Common categories of application security

Applications can be categorized in different ways; for example, as specific functions, such as authentication or appsec testing. They can also be divided according to domains, like application security for web, mobile, internet of things (IoT) and other embedded applications.

IoT application threats
IoT applications are mostly subject to the same threats as ordinary apps.

Security professionals use different tactics and strategies for application security, depending on the application being developed and used. Application security measures and countermeasures can be characterized functionally, by how they are used, or tactically, by how they work.

Application security controls can be classified in different ways, as well. One approach is to categorize them based on what they do.

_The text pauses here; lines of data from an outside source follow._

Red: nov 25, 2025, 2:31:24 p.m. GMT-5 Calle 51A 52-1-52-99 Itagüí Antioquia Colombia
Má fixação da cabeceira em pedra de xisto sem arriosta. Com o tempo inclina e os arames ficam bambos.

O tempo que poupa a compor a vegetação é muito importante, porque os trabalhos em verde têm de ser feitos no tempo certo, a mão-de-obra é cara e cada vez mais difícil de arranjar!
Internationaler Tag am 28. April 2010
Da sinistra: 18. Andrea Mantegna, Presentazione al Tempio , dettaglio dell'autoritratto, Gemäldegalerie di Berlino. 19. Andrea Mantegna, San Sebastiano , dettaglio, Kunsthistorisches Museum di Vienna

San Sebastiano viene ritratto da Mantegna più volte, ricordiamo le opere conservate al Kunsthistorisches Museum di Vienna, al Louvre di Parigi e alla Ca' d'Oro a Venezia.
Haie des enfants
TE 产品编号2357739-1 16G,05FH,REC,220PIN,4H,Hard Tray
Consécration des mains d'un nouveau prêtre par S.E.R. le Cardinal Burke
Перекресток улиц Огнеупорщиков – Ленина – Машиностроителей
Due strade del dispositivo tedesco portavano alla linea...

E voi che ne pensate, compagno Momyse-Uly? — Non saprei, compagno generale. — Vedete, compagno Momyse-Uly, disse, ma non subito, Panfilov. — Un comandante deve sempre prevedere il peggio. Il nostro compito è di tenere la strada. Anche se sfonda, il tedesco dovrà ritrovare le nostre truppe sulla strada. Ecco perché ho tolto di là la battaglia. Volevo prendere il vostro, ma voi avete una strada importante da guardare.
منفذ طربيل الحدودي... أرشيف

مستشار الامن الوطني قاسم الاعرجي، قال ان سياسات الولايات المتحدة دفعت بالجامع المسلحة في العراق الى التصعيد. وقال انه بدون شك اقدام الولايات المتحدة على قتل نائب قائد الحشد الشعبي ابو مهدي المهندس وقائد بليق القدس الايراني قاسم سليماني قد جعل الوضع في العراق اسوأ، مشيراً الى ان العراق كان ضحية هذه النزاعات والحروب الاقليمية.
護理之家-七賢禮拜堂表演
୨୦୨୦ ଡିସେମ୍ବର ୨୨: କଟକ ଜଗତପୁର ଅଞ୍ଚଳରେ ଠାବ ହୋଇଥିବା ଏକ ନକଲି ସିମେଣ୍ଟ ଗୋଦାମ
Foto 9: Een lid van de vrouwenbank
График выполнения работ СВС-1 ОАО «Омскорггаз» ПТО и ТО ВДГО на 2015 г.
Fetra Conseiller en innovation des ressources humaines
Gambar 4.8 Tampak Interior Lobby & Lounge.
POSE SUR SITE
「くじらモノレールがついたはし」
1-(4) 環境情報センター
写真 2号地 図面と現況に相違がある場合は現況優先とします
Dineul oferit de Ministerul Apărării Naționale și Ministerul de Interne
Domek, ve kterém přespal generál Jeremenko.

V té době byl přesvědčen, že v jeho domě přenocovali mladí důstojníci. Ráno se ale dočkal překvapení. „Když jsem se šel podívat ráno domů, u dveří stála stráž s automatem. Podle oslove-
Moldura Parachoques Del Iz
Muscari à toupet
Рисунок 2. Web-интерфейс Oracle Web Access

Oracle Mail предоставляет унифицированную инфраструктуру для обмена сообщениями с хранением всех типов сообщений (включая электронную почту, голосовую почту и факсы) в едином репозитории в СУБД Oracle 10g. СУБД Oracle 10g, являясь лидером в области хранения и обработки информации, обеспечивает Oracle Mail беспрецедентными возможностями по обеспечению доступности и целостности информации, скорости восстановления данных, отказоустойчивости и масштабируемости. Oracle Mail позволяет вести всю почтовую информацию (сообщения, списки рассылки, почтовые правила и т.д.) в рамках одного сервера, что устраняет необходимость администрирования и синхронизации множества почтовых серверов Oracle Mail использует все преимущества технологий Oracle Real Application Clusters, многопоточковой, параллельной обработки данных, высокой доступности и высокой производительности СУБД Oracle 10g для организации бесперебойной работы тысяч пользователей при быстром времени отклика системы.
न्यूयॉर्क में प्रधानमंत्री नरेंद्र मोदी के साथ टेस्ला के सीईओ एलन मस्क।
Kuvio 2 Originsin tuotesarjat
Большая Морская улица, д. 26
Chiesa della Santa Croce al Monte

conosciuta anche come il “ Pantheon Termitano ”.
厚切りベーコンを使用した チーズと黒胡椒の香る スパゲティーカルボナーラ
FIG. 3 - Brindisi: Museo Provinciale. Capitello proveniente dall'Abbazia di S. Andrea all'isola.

  • Application security testing controls help keep weaknesses and vulnerabilities out of the application as it is being developed.
  • Access control safeguards prevent unauthorized access to applications. This protects against hijacking of authenticated user accounts as well as inadvertently giving access to restricted data to an authenticated user who is not authorized to access it.
  • Authentication controls are used to ensure that users or programs accessing application resources are who or what they say they are.
  • Authorization controls are used to ensure that users or programs that have been authenticated are actually authorized to access application resources. Authorization and authentication controls are closely related and often implemented with the same tools.
  • Encryption controls are used to encrypt and decrypt data that needs to be protected. Encryption controls can be implemented at different layers for networked applications. For example, an application can implement encryption within the application itself by encrypting all user input and output. Alternately, an application can rely on encryption controls such as those provided by network layer protocols, like IP Security or IPsec, which encrypt data being transmitted to and from the application.
  • Logging controls are used to track application activities. They are indispensable for maintaining accountability. Without logging, it can be difficult or impossible to identify what resources an attack has exposed. Comprehensive application logs are also an important control for testing application performance.

Another way to classify application security controls is how they protect against attacks.

  • Preventative controls are used to keep attacks from happening. Their objective is to protect against vulnerabilities. For example, access control and encryption are often used to prevent unauthorized users from accessing sensitive information; comprehensive application security testing is another preventive control that is applied in the software development lifecycle.
  • Corrective controls reduce the effect of attacks or other incidents. For example, using virtual machines, terminating malicious or vulnerable programs, or patching software to eliminate vulnerabilities are all corrective controls.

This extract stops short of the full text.